# Full Interior Package



## ThreeSistersPainting (Jan 7, 2017)

Thought I would post some pictures of an interior I wrapped up 2 weeks ago. Sherwin's SuperPaint Satin tinted in Miller's "Popular" on the walls. Southwest Builders Enamel Semi tinted in Miller's "Fondant" for the trim, and Sherwins ProMar Ceiling Paint flat white.

Had about 15 straight days into this one by myself. I picked up the Festool DTS 400 and that saved me about two days in sanding.


----------



## Jmayspaint (Mar 26, 2013)

Sweet. Don’t ya love it when a plan comes together. 


Sent from my iPhone using Tapatalk


----------



## PaPainter724 (Apr 22, 2016)

Nice work. Just out of curiosity why go with pro Mar on the ceilings and not the walls or vice versa with the super paint? Been awhile since I've used SW so just curious about the difference.


----------



## woodcoyote (Dec 30, 2012)

Awesome work! Congrats. 

Did you spray the trim or brush it? Came out good either way.


----------



## ThreeSistersPainting (Jan 7, 2017)

PaPainter724 said:


> Nice work. Just out of curiosity why go with pro Mar on the ceilings and not the walls or vice versa with the super paint? Been awhile since I've used SW so just curious about the difference.


Homeowners were huge sherwin williams fans, and they know there products pretty well so all products were per request. They had tan ceilings and didnt want to pay for superpaint to be put on it, so I just picked up a flat white ceiling paint and thats what the rep referred me too

Trim was sprayed out using my graco 695 with FFLP 412 tip.


----------



## PaPainter724 (Apr 22, 2016)

ThreeSistersPainting said:


> Homeowners were huge sherwin williams fans, and they know there products pretty well so all products were per request. They had tan ceilings and didnt want to pay for superpaint to be put on it, so I just picked up a flat white ceiling paint and thats what the rep referred me too
> 
> Trim was sprayed out using my graco 695 with FFLP 412 tip.


Gotcha. I personally hate SW lol. I will use their Promar line from time to time though or Duration. I've become pretty good friends with a few of their reps, and they universally tell me to avoid SuperPaint because it's basically Promar with talc added to give it a heavier body but the dry coverage is no better. It's just a feel that sells people when they feel that it's a heavier body paint. I personally think ProMar is pretty decent paint, as long as you go 200 and not 400.


----------



## ThreeSistersPainting (Jan 7, 2017)

Honestly it comes down to customer satisfaction and if customers expectations were met. They wanted a premium interior satin and for them that was SuperPaint. There will always be a Sherwin Williams following, I mean have you ever talked to a Benjamin Moore Homeowner about other brands?
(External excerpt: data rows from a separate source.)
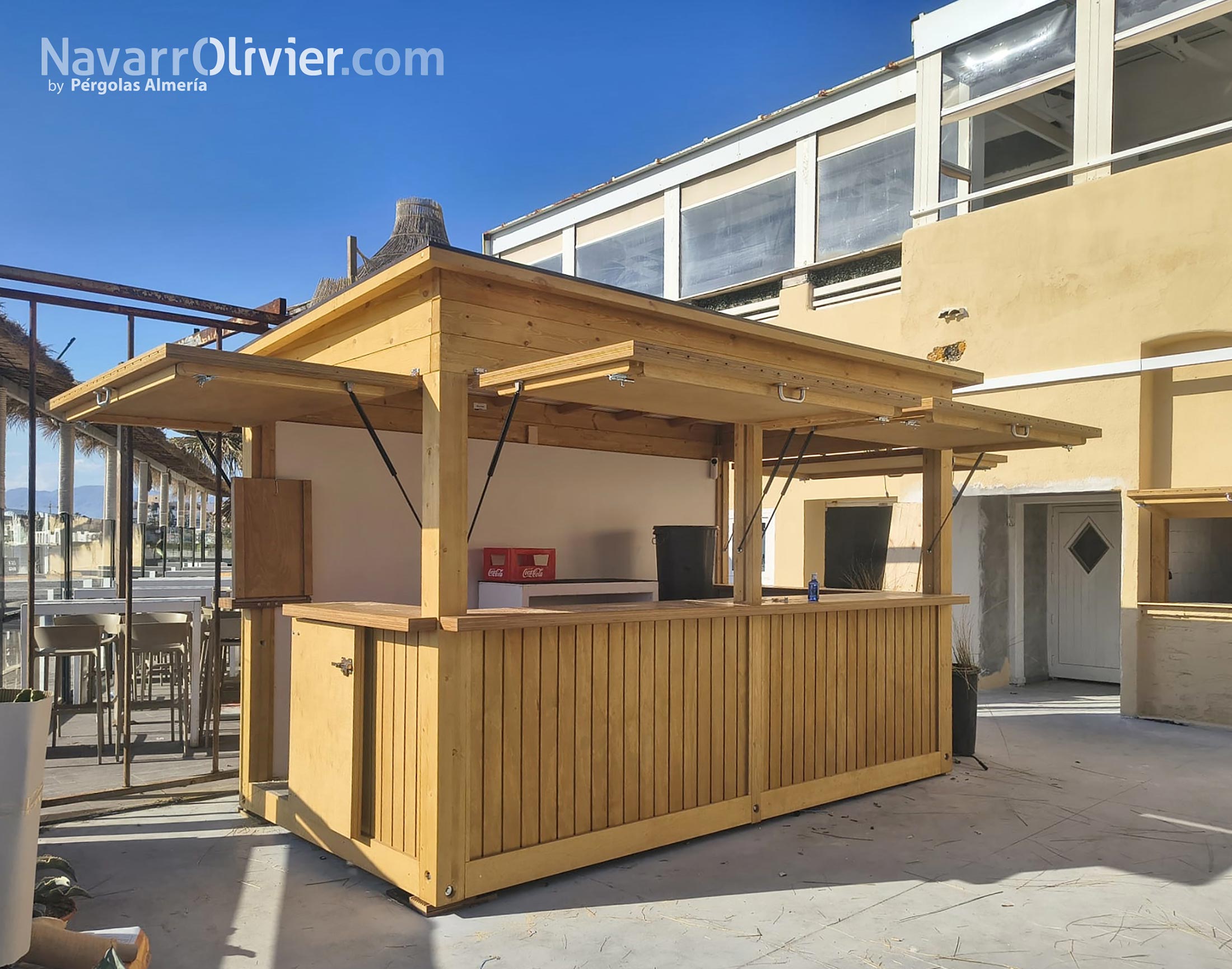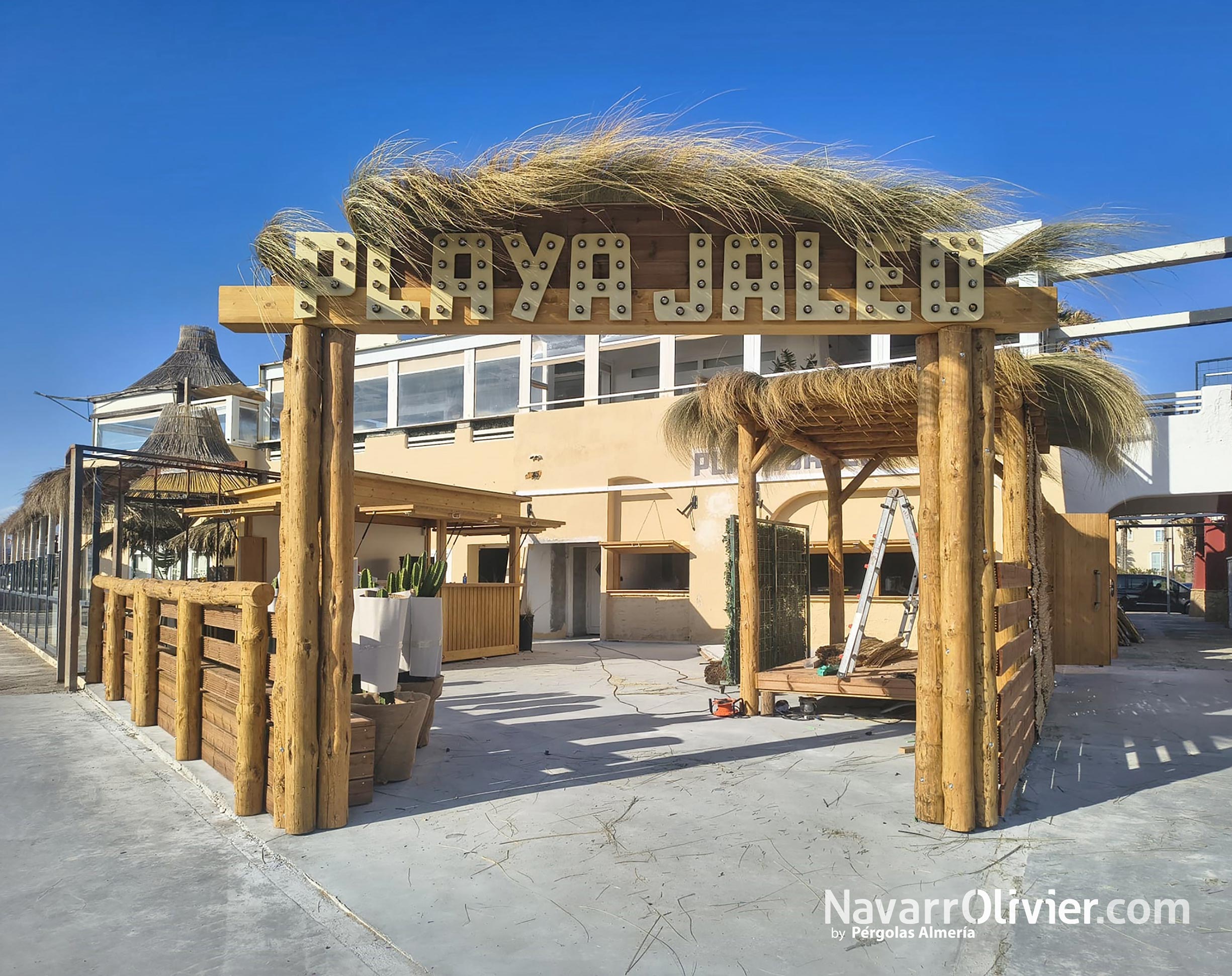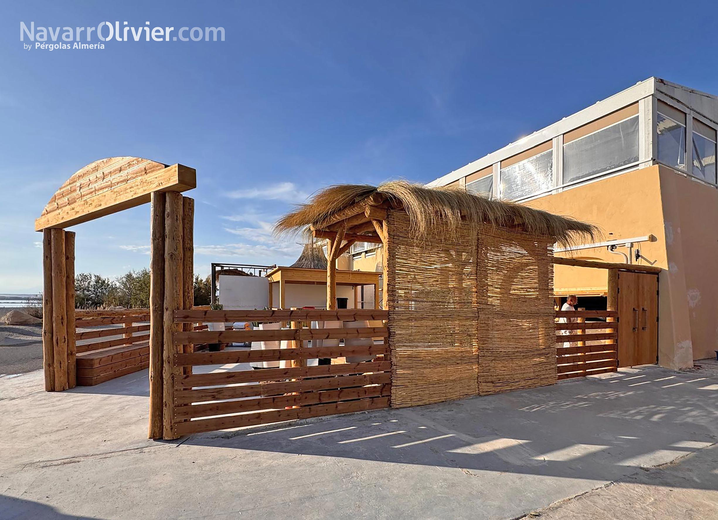 Siguiendo el estilo rústico construimos la tarima con cubierta de tronco, cañizo y carritx para la cabina del dj, además de un chiringuito modular modelo Campello de 10 m² equipado con instalación eléctrica preparado para dar servicio a la terraza de Playa Jaleo este local de ocio ideal para tardeos junto al mar ubicado en la playa de Almerimar, Costa de Almería.
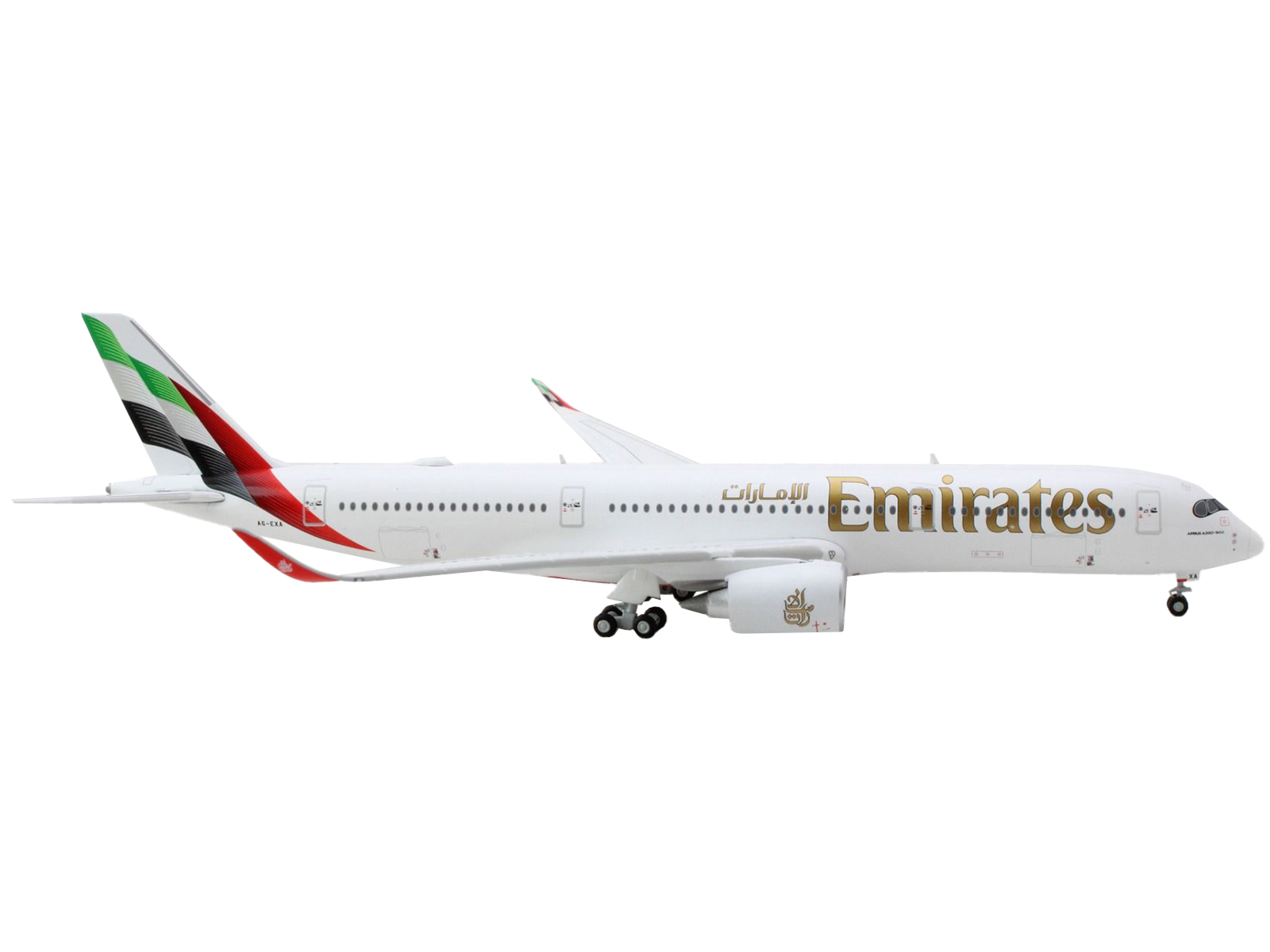 - Brand new 1/400 scale diecast airplane model of Airbus A350-900 Commercial Aircraft “Emirates Airlines” White with Striped Tail die cast model by GeminiJets.
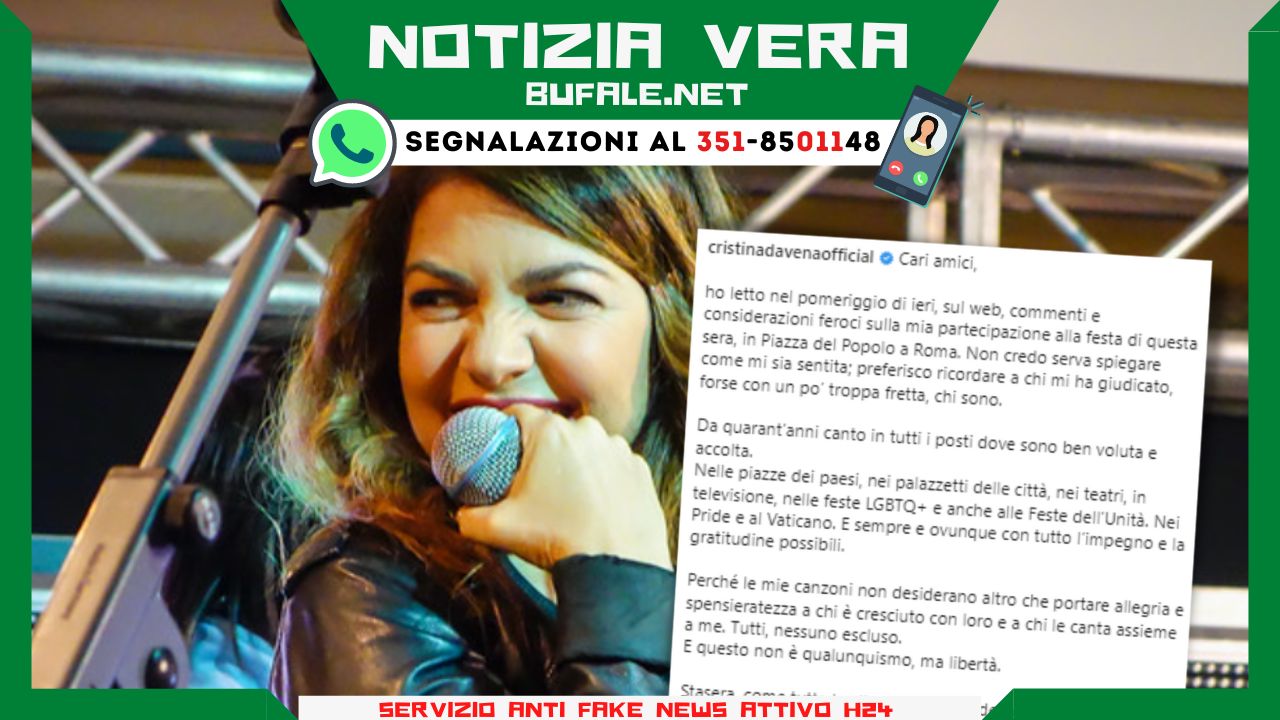Un giorno dopo le polemiche, Cristina D’Avena si è affidata ai social per rispondere a quanti l’hanno giudicata per la sua partecipazione alla festa di Fratelli D’Italia. Il suo messaggio:

My go to interior paint is Miller's Premium Satin but I tend to use whatever the customer prefers. Sherwin, Miller, Rodda, Home Depot, Lowes, i've used it all.


----------



## PaPainter724 (Apr 22, 2016)

Lol, I know what you mean. I just tend to avoid Sherwin Williams from personal experience and because nearly every rep I know that's left has never been positive about their products or practices. On the other hand, I know a lot of guys from PPG and Ben Moore who will sing their praises on their death beds.


----------



## The Classic Painter (Oct 7, 2016)

Nice quality job !


----------



## illusionsgame (Aug 1, 2010)

*Giving away my secret*

I just wrote about this on my blog...showing painters and homeowners a great tip for ladder painting: put a screw or nail in the top of your step ladder. It has to have a good anchor, but you will be amazed at the stability of your bucket: even 5-gallon pails are stable. I have not used the little shelf for paint cans since the 80s! My employer in Colorado in the 80s invented this one day when he needed a free hand and he had a wooden stepladder. Awesome.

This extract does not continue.